__Exercise aim__
Your task is to transcribe the data exactly while omitting each picture.

__Task data__
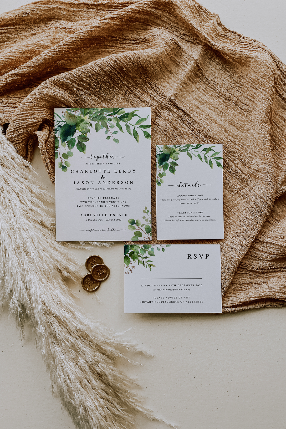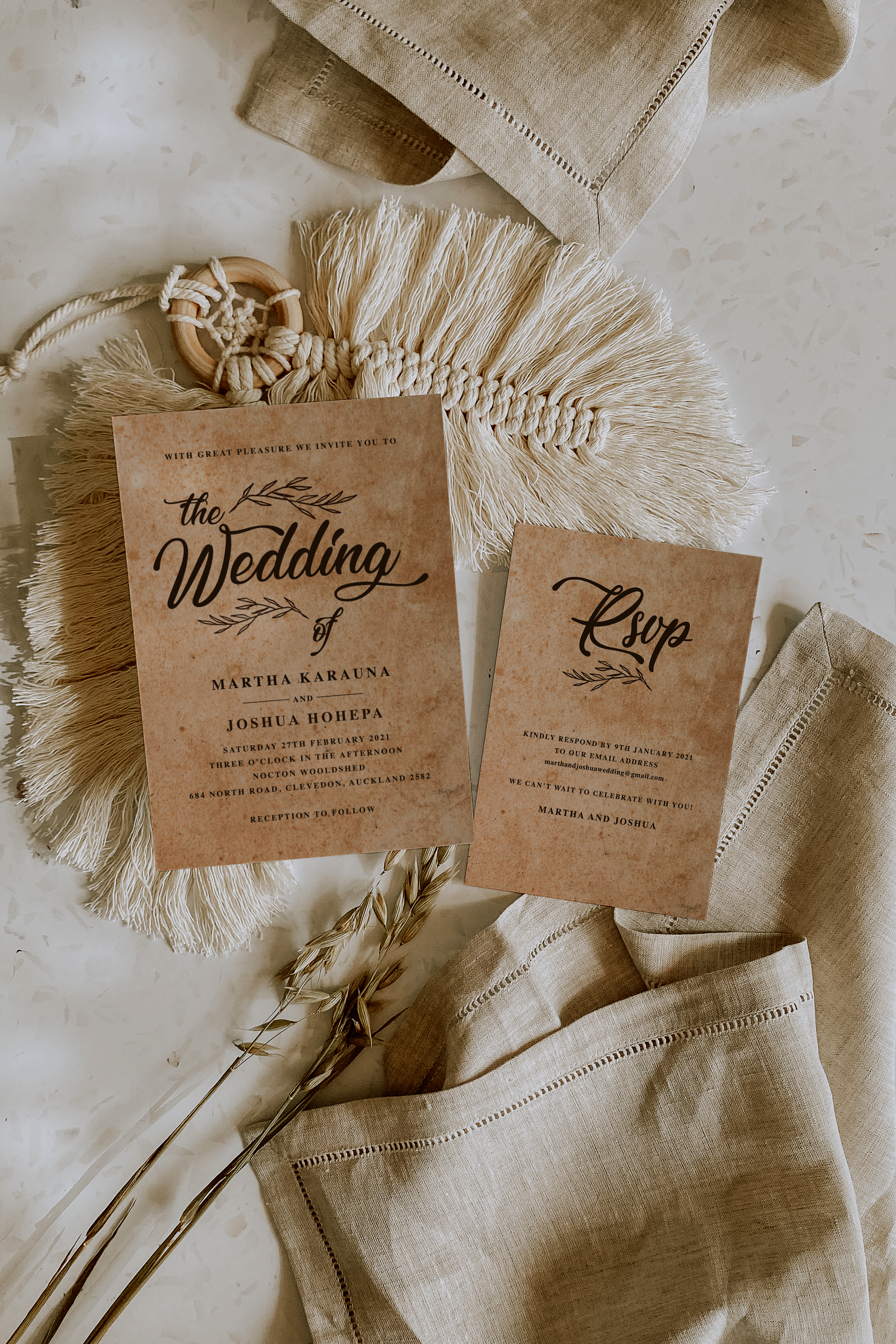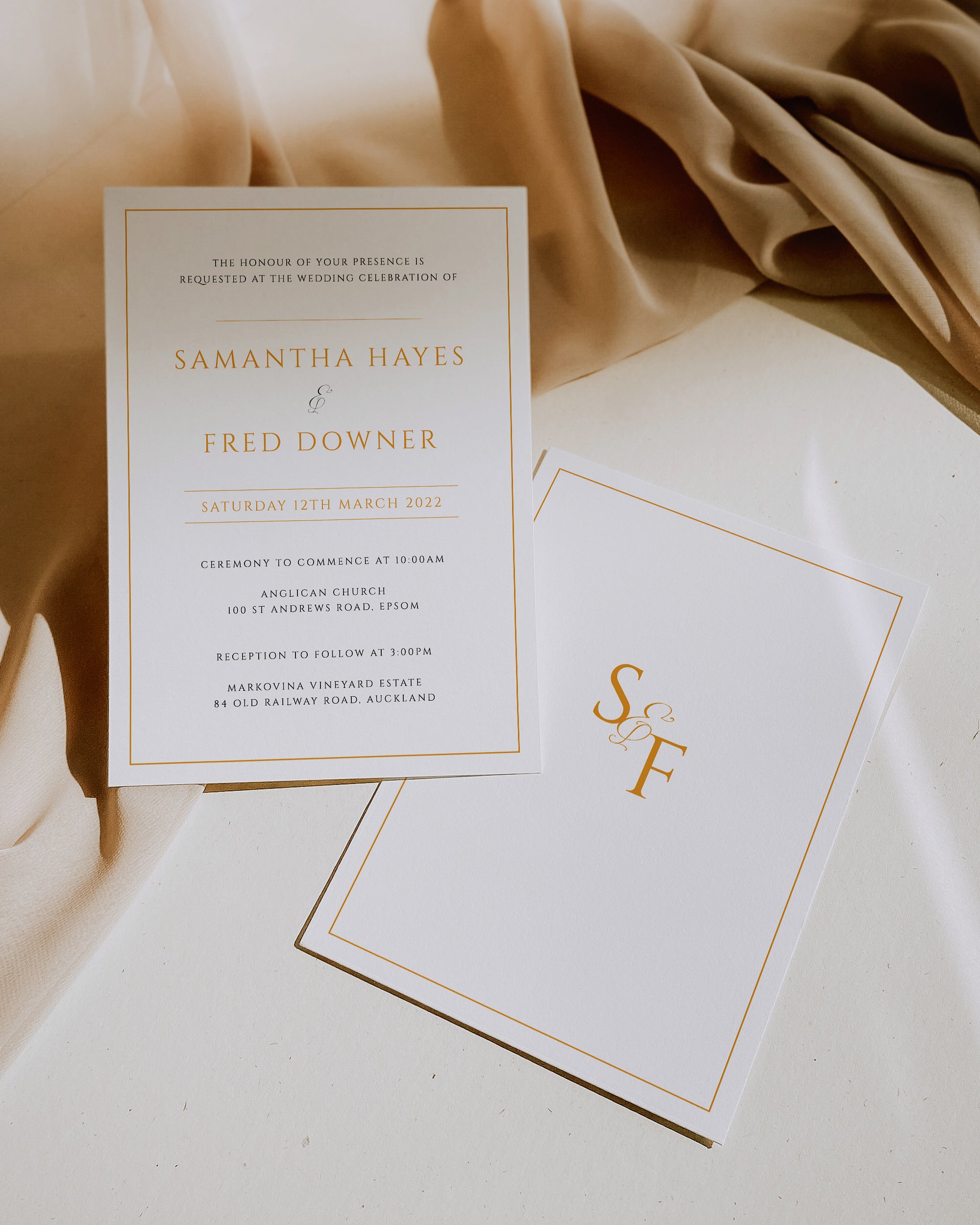 We work with New Zealand's leading specialists to achieve techniques such as foiling, letterpress or embossing on your wedding stationery pieces. So if you are feeling a little fancy, we have got you covered as the possibilities are endless!
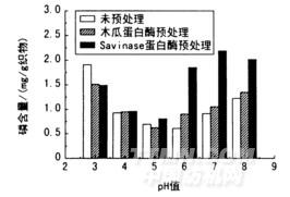 按1.2,2節(jié),分別用木瓜蛋白酶和Savinase蛋白酶對羊毛織物進行預處理,再按1.2.3節(jié)進行阻燃整理,考察酶種類和阻燃整理pH值對整理織物磷含量的影響,結(jié)果如圖2所示。
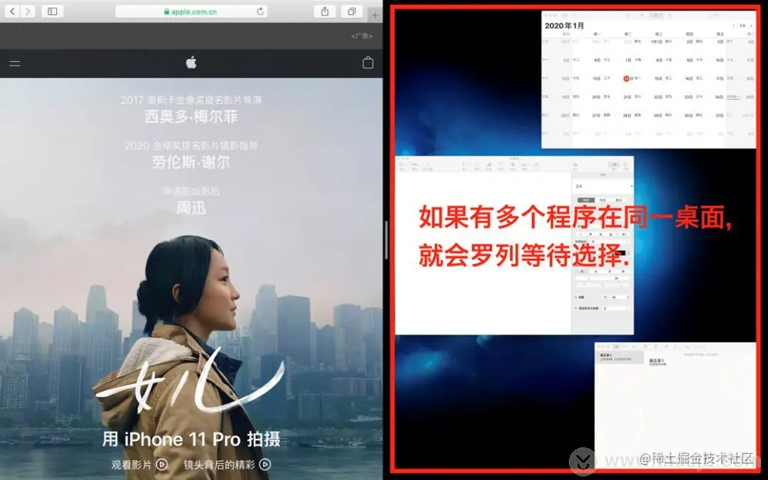 如果同一桌面有更多程序的话,就需要选择分屏显示的软件是哪个。
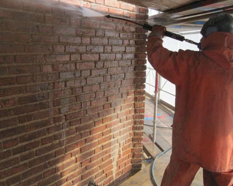 Fasaden tegeltvättades före rivning av fogarna. Fogning görs traditionellt med fogslev. För fullgod komprimering trycks bruket in med verktyget fogpinne.
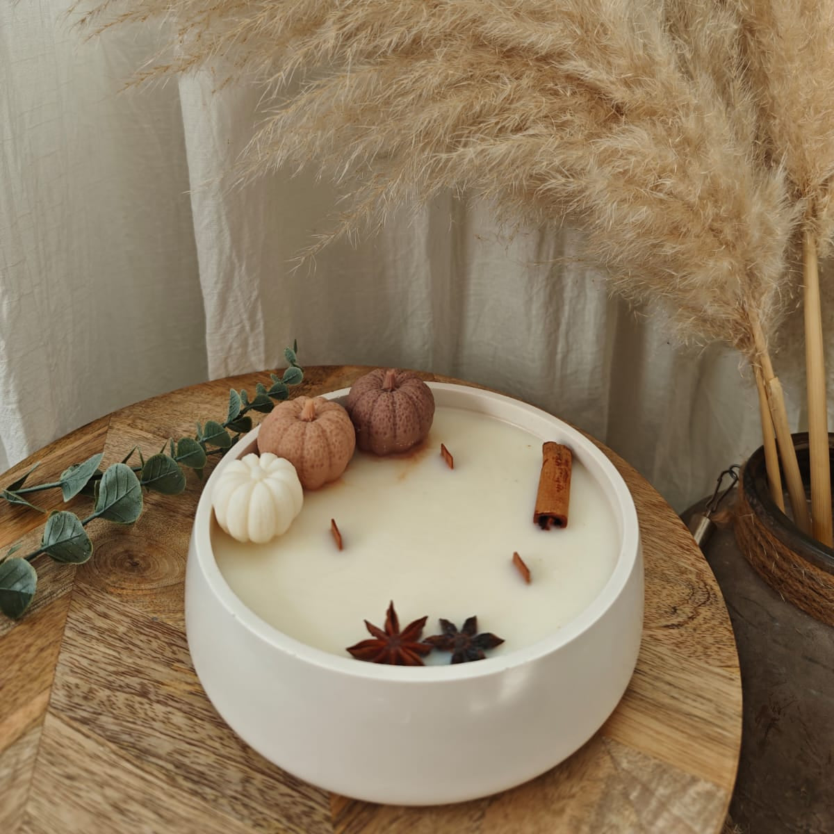 Coulée à la main dans un pot en jesmonite, cette bougie XXL mêle esthétique et authenticité : de véritables morceaux de cannelle, des étoiles de badiane et de petites citrouilles en cire viennent sublimer sa surface.

__Solution to the exercise__
 We work with New Zealand's leading specialists to achieve techniques such as foiling, letterpress or embossing on your wedding stationery pieces. So if you are feeling a little fancy, we have got you covered as the possibilities are endless!
 按1.2,2節(jié),分別用木瓜蛋白酶和Savinase蛋白酶對羊毛織物進行預處理,再按1.2.3節(jié)進行阻燃整理,考察酶種類和阻燃整理pH值對整理織物磷含量的影響,結(jié)果如圖2所示。
 如果同一桌面有更多程序的话,就需要选择分屏显示的软件是哪个。
 Fasaden tegeltvättades före rivning av fogarna. Fogning görs traditionellt med fogslev. För fullgod komprimering trycks bruket in med verktyget fogpinne.
 Coulée à la main dans un pot en jesmonite, cette bougie XXL mêle esthétique et authenticité : de véritables morceaux de cannelle, des étoiles de badiane et de petites citrouilles en cire viennent sublimer sa surface.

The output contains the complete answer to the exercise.